Empowering Immigrant Asian American: Community Participatory Approach


Program Overview

With funding from the W.K. Kellogg Foundation, the goals of this HAAP project is to promote culturally sensitive and community-led solutions and strategies toward racial healing and empowering immigrant Asian American (AA) children and adolescents in achieving optimal success. The proposed multi-level project aims to: a) provide a healthy environment that creates caring and mutual understanding and promotes dialog about diversity by empowering AA children, families, and communities, b) develop and implement solutions for addressing social and economic environments of inequality experienced in Asian communities, and c) foster connections and collaborations.

Key Strategies 

The preliminary work by HAAP and Asian community-based organization underscores the challenges that Asian American children and youth face. The community leaders and key informants at the end of our meeting were eager to work together for a collaborative interdisciplinary approach to reduce the discrimination and prejudice that afflict Asian American (who are often misperceived to be immune from the negative effects of racism) and empower AA children and youth toward a healthy and successful life. 

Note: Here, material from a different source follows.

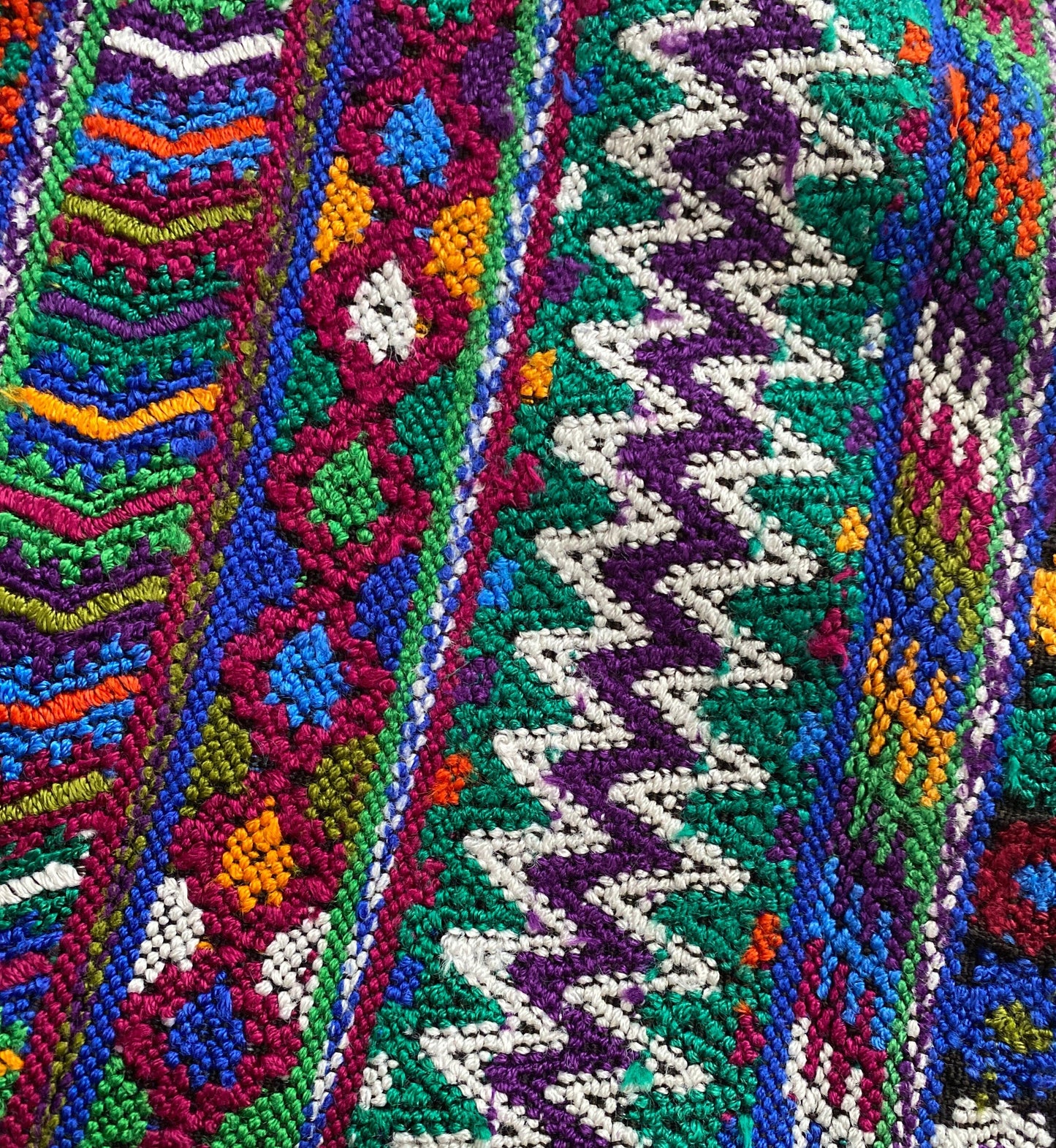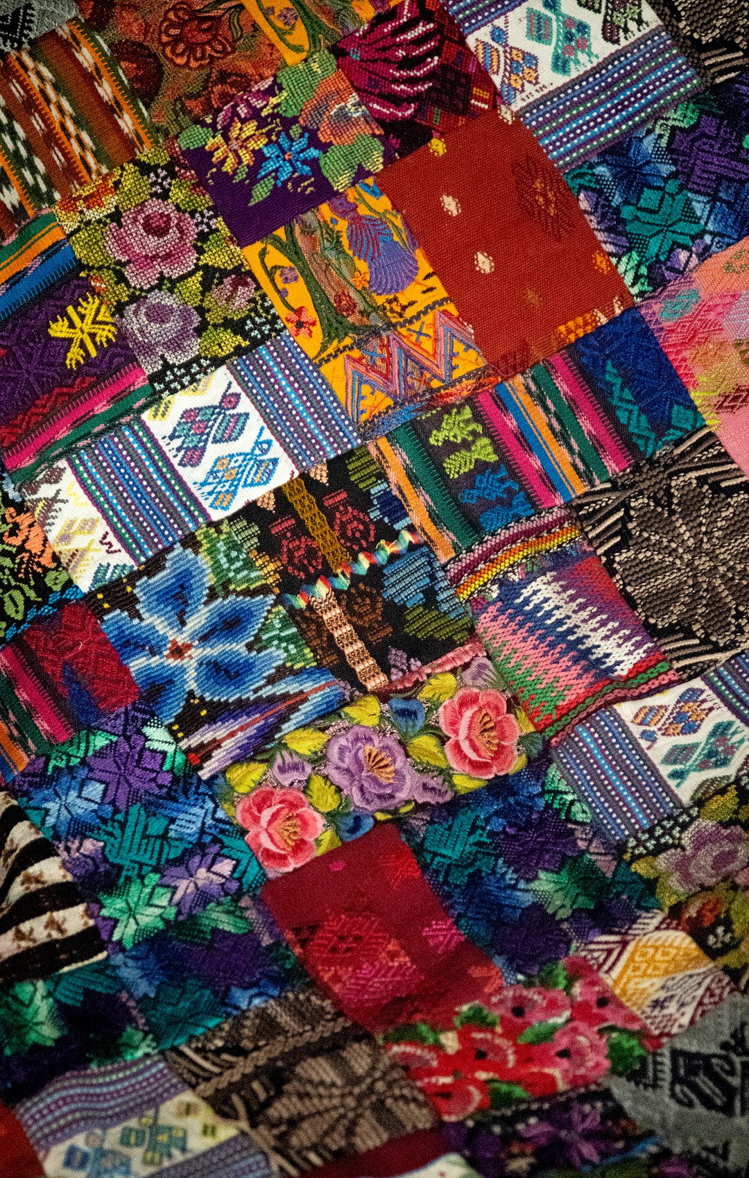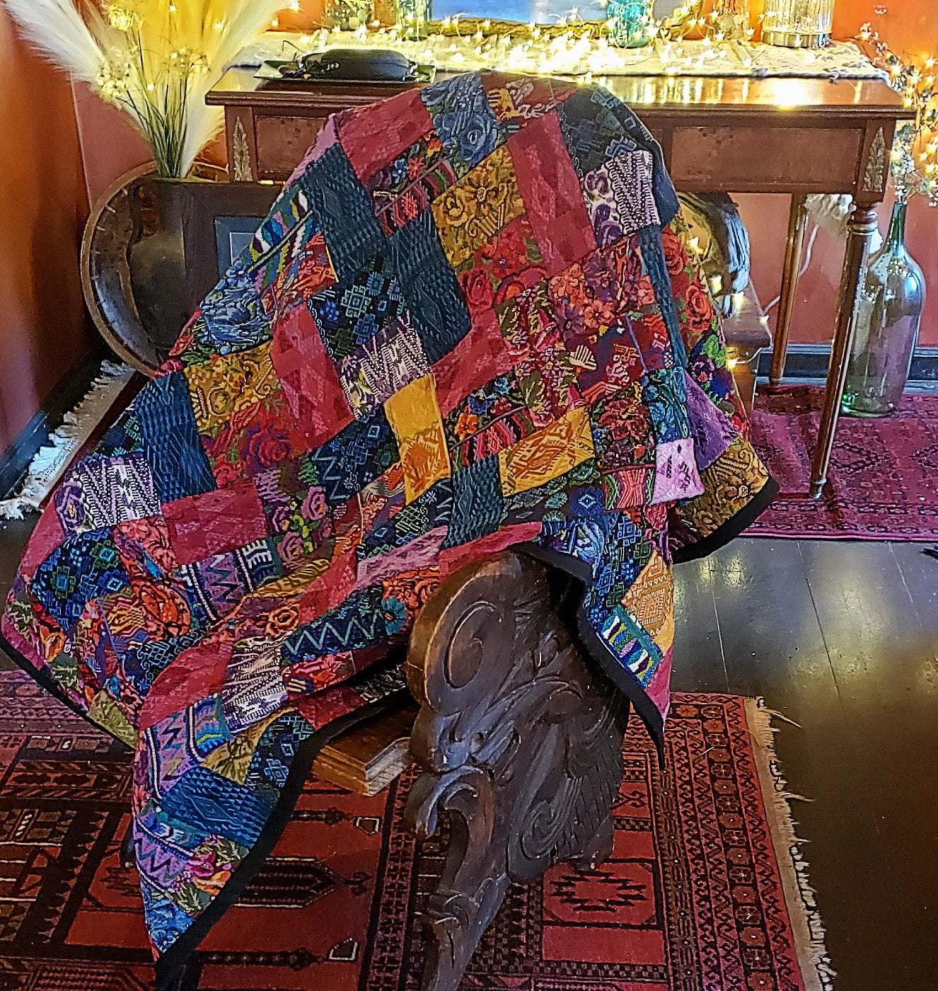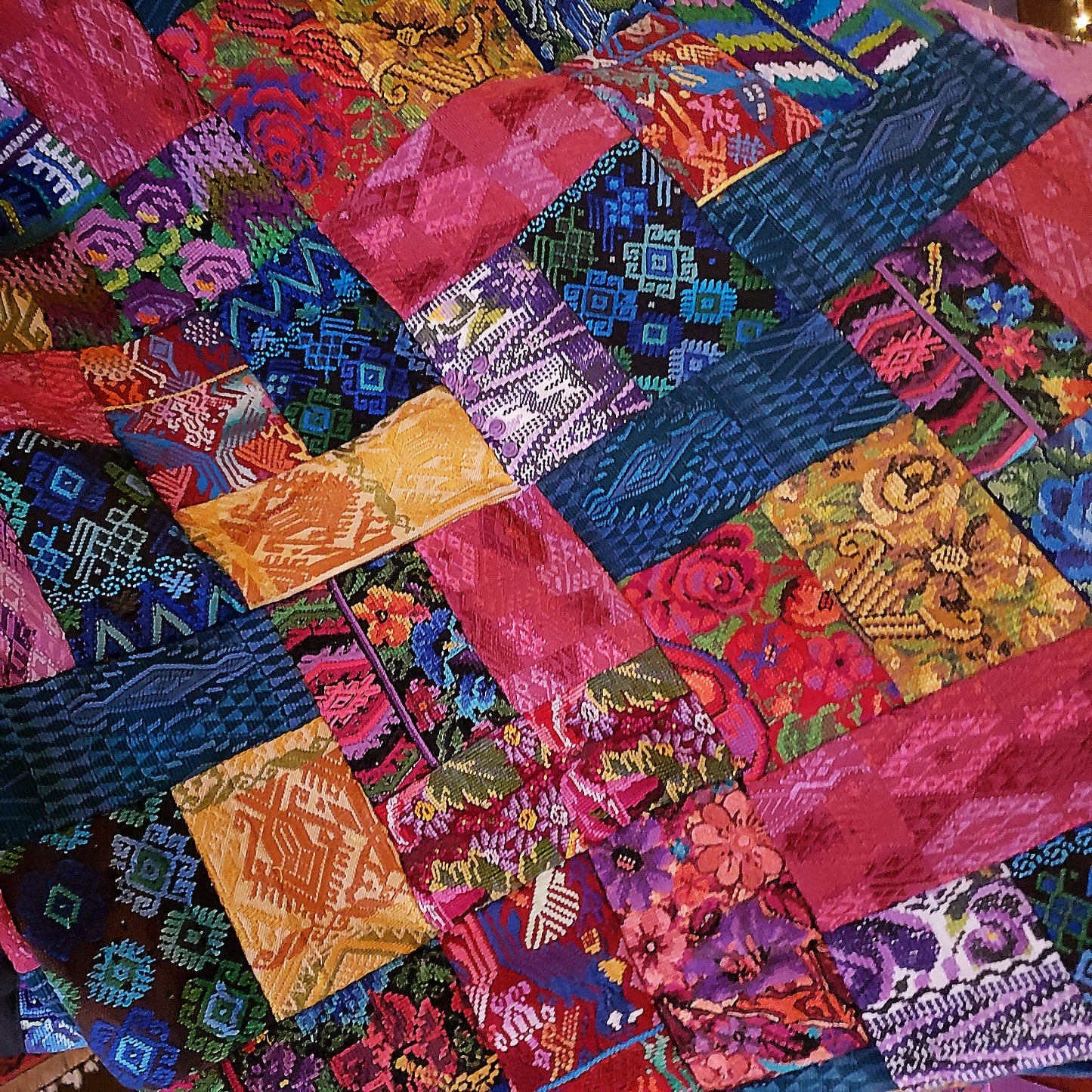 Fabulous Guatemalan Mixed Huipile Embroidered Lap Blanket or Throw. Cotton. Each is made from a consistent blend of embroidered patches from Guatemalan Huipiles [Mayan Embroidered Blouse]. Each is beautiful, colorful, and unique! 60 x 50 inches. Perfect to curl up under. Cotton with a Cotton/Poly backing.

  • Empowering AA children by creating collaboration between parents and significant family members, school systems, and clinical agencies
  • Promoting community-wide dialog by implementing the awareness campaign to share the stories and voices of the project participants

Preliminary Results 2012-2013

HAAP conducted focus groups with community leaders from Asian Indian, Chinese, Filipino, Korean, and Vietnamese communities and completed implementation of the pilot intervention within 15 days (immigrant children and their parents). At the beginning, the project team felt the resistance and reluctance when the team brought up terms like "race" and "racism," however, when we dove deeper and built relationships with the participants, there were several forms of micro-aggressions reported. In particular, micro-invalidation's from statements such as "where are you from?" "You speak such good english without accent" can be insulting and invalidating because they reflect a world view that racial/ethnic minorities are aliened in this country. Another 7-year old boy's comment was striking, "When someone called me stupid, I felt sad." even at such an early age (ages 7-11), these AA children have experienced psychological symptoms and negative experiences in anxiety and worry such as having trouble sleeping at night, keeping their mind on schoolwork and worrying about someone beating them up and saying something dumb, and worries about what other people think of them.